Pacific Northwest Lodge with Spa, Golf Course, and Private Beach Access
Because it’s accessible via a private, spruce-lined drive, exploring the 350-acre wooded property of Salishan Spa & Golf Resort is a memorable experience all its own. When the resort was built in 1965, original owner John D. Gray wanted it to match the beauty of its knockout setting, where the surrounding forests meet the Pacific beaches. The result is a hotel interior that incorporates native stone, intricate woodwork, hand-blown glass, and contemporary artwork from more than 100 regional artists.
Vaulted ceilings and floor-to-ceiling windows give guest rooms a spacious feel.

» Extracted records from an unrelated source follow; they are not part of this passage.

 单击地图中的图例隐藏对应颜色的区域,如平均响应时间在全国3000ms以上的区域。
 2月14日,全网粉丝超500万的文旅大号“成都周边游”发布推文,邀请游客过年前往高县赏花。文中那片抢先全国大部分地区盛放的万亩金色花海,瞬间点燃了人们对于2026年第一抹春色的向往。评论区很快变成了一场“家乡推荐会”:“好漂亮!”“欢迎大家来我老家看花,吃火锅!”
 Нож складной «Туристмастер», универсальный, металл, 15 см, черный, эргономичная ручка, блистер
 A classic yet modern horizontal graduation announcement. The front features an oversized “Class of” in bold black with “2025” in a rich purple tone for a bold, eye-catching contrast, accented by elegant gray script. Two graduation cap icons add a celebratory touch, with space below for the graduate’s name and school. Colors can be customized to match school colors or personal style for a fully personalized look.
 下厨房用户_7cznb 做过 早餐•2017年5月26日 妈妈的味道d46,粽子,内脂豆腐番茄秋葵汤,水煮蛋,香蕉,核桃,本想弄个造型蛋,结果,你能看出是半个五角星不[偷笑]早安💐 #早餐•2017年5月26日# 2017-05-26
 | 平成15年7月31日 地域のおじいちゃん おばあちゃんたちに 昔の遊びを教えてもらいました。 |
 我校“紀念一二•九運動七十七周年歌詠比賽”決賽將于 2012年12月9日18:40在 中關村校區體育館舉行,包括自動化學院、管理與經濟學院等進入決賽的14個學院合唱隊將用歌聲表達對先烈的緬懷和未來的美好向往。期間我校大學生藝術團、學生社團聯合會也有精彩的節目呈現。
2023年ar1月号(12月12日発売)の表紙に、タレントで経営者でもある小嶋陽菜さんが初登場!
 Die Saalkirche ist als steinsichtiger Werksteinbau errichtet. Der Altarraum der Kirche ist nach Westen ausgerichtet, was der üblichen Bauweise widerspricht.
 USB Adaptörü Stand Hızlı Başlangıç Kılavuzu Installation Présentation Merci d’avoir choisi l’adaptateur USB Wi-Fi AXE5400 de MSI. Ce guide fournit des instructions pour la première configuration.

Private balconies overlook Siletz Bay, the forest, or the resort’s spectacular 18-hole golf course, which was redesigned by renowned architect and PGA pro Peter Jacobsen. Old-growth timber flanks the front nine, and links-style fairways weave through the back nine. After a round of golf or a tennis match, you'll have five dining options, ranging from the onsite deli to the newly renovated Prime Steakhouse with one of the Oregon’s largest wine cellars.
Salishan's spa is also a destination in its own right. Ranked No. 13 on the list of the Top 250 Spas by Condé Nast Traveler readers, the full-service facility offers facials, massages, and professional hair, nail, and waxing treatments. Even if you only stop by for a quick sweat in the sauna, be sure to stop by the spa's alfresco lounge area for the incredible bay views.

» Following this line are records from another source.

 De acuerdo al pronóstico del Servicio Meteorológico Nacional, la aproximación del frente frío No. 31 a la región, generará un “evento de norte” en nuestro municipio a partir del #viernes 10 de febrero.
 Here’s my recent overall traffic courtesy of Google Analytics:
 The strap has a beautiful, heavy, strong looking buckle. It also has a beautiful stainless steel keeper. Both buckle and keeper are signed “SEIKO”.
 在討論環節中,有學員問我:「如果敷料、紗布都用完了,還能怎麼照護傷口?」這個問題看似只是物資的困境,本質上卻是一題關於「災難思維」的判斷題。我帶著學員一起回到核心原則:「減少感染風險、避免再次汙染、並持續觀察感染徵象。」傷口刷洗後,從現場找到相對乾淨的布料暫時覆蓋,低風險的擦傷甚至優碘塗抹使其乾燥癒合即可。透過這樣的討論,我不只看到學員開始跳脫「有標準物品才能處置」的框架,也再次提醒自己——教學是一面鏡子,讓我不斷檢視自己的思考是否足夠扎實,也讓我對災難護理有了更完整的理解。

Gleneden Beach, Oregon: Small Coastal Community Set amid Beachfront State Parks
Located on the central stretch of Oregon's 363-mile coastline, Gleneden Beach is only slightly larger than the resort itself. The tiny windswept town is home to two annual kite festivals and is a good spot for testing the holding power of one’s hairspray. The town is situated between two larger coastal cities, Newport and Lincoln City, both ideal spots for beachcombing, whale watching, and browsing in boutiques and bookstores. At Newport’s Oregon Coast Aquarium, you can see where harbor seals, otters, and sea lions frolic in their natural habitats. A 200-foot underwater tunnel at the aquarium provides near 360-degree views of sharks, giant octopi, and other creatures of the deep.